The application of bacteriocins for bio preservation of foods usually includes the following approaches: inoculation of food with the bacteriocin-producer strain; addition of purified or semi-purified bacteriocin as food additive; and use of a product previously fermented with a bacteriocin-producing strain as an ingredient in food processing (Chen and Hoover, 2003). An increasingly number of bacteriocins have been isolated and identified from Gram-positive and Gram-negative microorganisms. Recently, the bacteriocins produced by lactic acid bacteria have been the most popular group due to the characteristics of their producers that have GRAS property and versatile usefulness in many industrial applications (Mills et al., 2013). As current information revealed that, recently over 230 bacteriocins produced by LAB have been isolated, reported and studied, some of purified or semi-purified bacteriocins have been tested in food systems, especially in dairy foods (Alvarez-Sieiro et al., 2016). More recently bacteriocins get special attention in food sector due to its potential natural food preservatives against spoilage and pathogenic bacteria (Desalegn Amenu, 2018).

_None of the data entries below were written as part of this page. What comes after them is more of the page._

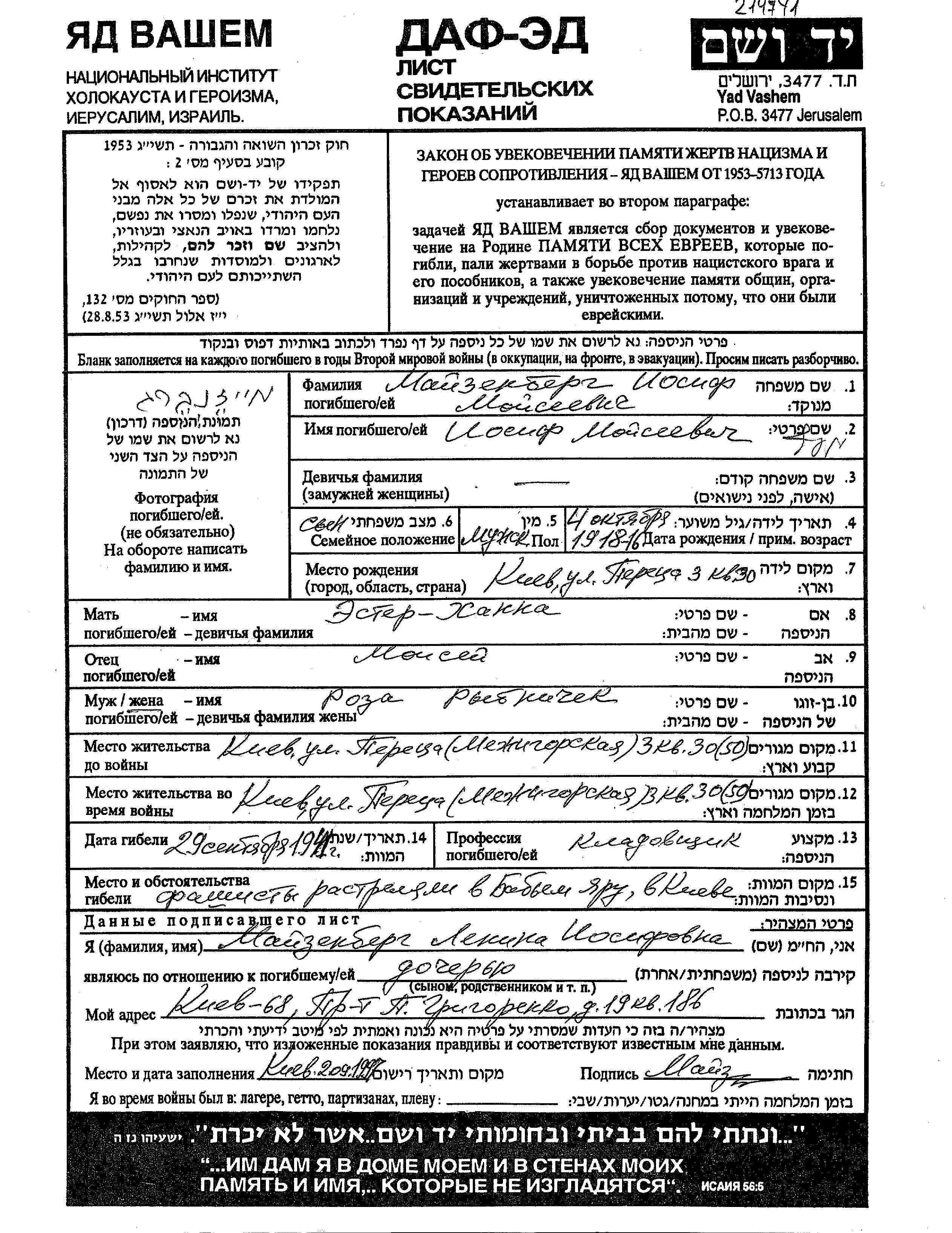 Iosif Maizenberg wurde im Jahr 1916 in Kiyev, Ukraine (UdSSR) geboren. Er war der Sohn von Moisei und Ester Khana. Er war Lagerverwalter und mit Roza Verheiratet. Vor dem Zweiten Weltkrieg lebte er in Kiyev, Ukraine (UdSSR). Während des Krieges war er in Kiyev, Ukraine (UdSSR).
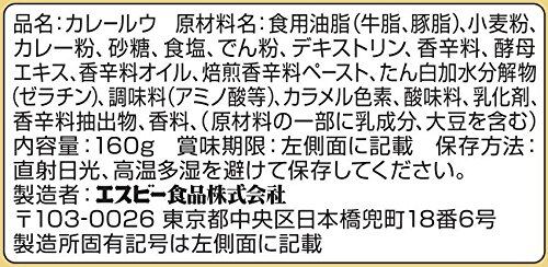 原材料:食用油脂(牛脂、豚脂)、小麦粉、カレー粉、砂糖、食塩、でん粉、デキストリン、香辛料、酵母エキス、香辛料オイル、焙煎香辛料ペースト、たん白加水分解物(ゼラチン)、調味料(アミノ酸等)、カラメル色素、酸味料、乳化剤、香辛料抽出物、香料、(原材料の一部に乳成分、大豆を含む)
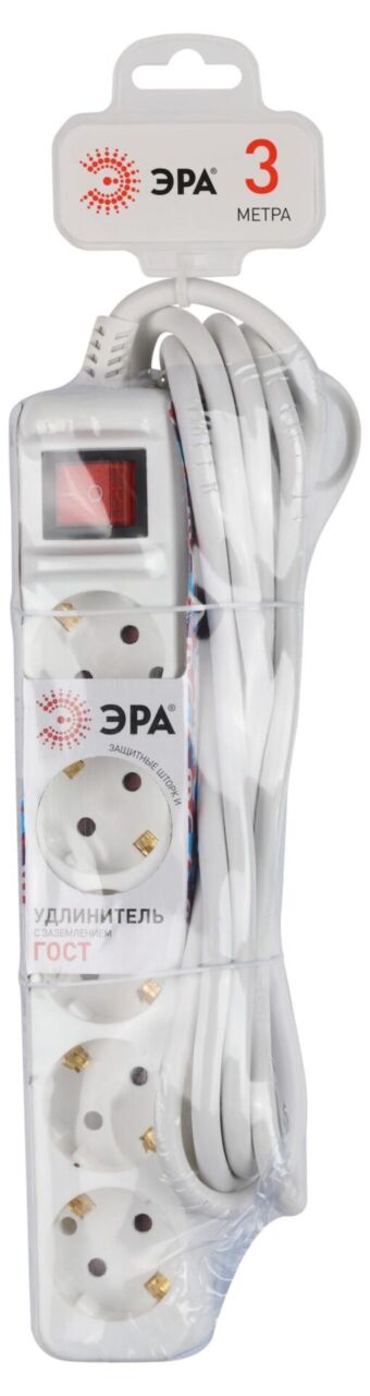 Удлинитель электрический Эра U-5es-3m-3×1,5 с заземлением, с выключателем, 5 розеток, 3м ПВС 3×1,5мм2. Для мощных приборов. Рассчитан на максимальную мощность 16А/3500. Удлинитель Эра станет Вашим надежным помощником, если Ваши любимые электроприборы находятся далеко от розеток.
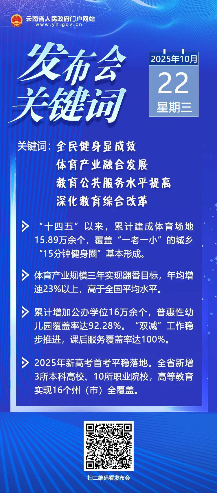 10月22日上午,云南省“高质量完成‘十四五’规划”系列新闻发布会·教育体育事业高质量发展专场在云南海埂会堂召开,云南省教育厅、云南省体育局有关负责人介绍云南省“十四五”时期教育体育事业发展情况,并回答记者提问。

Nowadays, consumers are aware of the health concerns regarding food additives; the health benefits of “natural” and “traditional” foods, processed without any addition of chemical preservatives, are becoming more attractive. Thus, because of recent consumer demand for higher quality and natural foods, as well as of strict government requirements to guarantee food safety, food producers have faced conflicting challenges (Franz et al., 2010). The use of bacteriocins as natural food preservatives fulfills consumer demands for high quality and safe foods without the use of chemical preservatives. In the next sections, we will present bacteriocin producing organisms, bacteriocin classification, their mode of action and structure, bacteriocin detection and purification, their biotechnological applications as novel natural food preservatives.
2. CLASSIFICATION OF BACTERIOCINS
For the past years, several classifications of bacteriocins have been proposed taking into consideration and the first classification proposed by Klaenhammer (1993). Recently, in order to classify novel bacteriocins, Alvarez-Sieiro et al. (2016) proposed an adjusted classification scheme based on the biosynthesis mechanism and biological activity in accordance with other proposals (Arnison et al., 2013). They propose three major classes: Class I – small post-translationally modified peptides; Class II – unmodified bacteriocins; and Class III – larger peptides (>10 kDa, thermo-labile), being each one subdivided into subclasses, this discuss the classification system proposed by (Arnison et al., 2013), Alvarez-Sieiro et al. (2016) and (Célia et al., 2018).
2.1. Bacteriocin from Archaea
Archaeosins are the bacteriocins produced by archaea. They are known to have wider spectrum of activity across species and domains present in the extreme environments (Atanasova et al., 2013). Halocin S8 from halobacteria, a short hydrophobic peptide with 36 amino acids is the first discovered archaeosin. They are generally divided into two groups (i) Protein halocins (30–40 kDa) like H1 and H4 ( Shand, 2007) and Microhalocins (smaller than 10 kDa) like H6/H7, R1, C8, S8 and U1 (Shand, 2007). Protein halocins are generally more sensitive to environmental stress. Microhalocins have the ability to withstand low salt concentrations, heating, long-term storage (Shand, 2007).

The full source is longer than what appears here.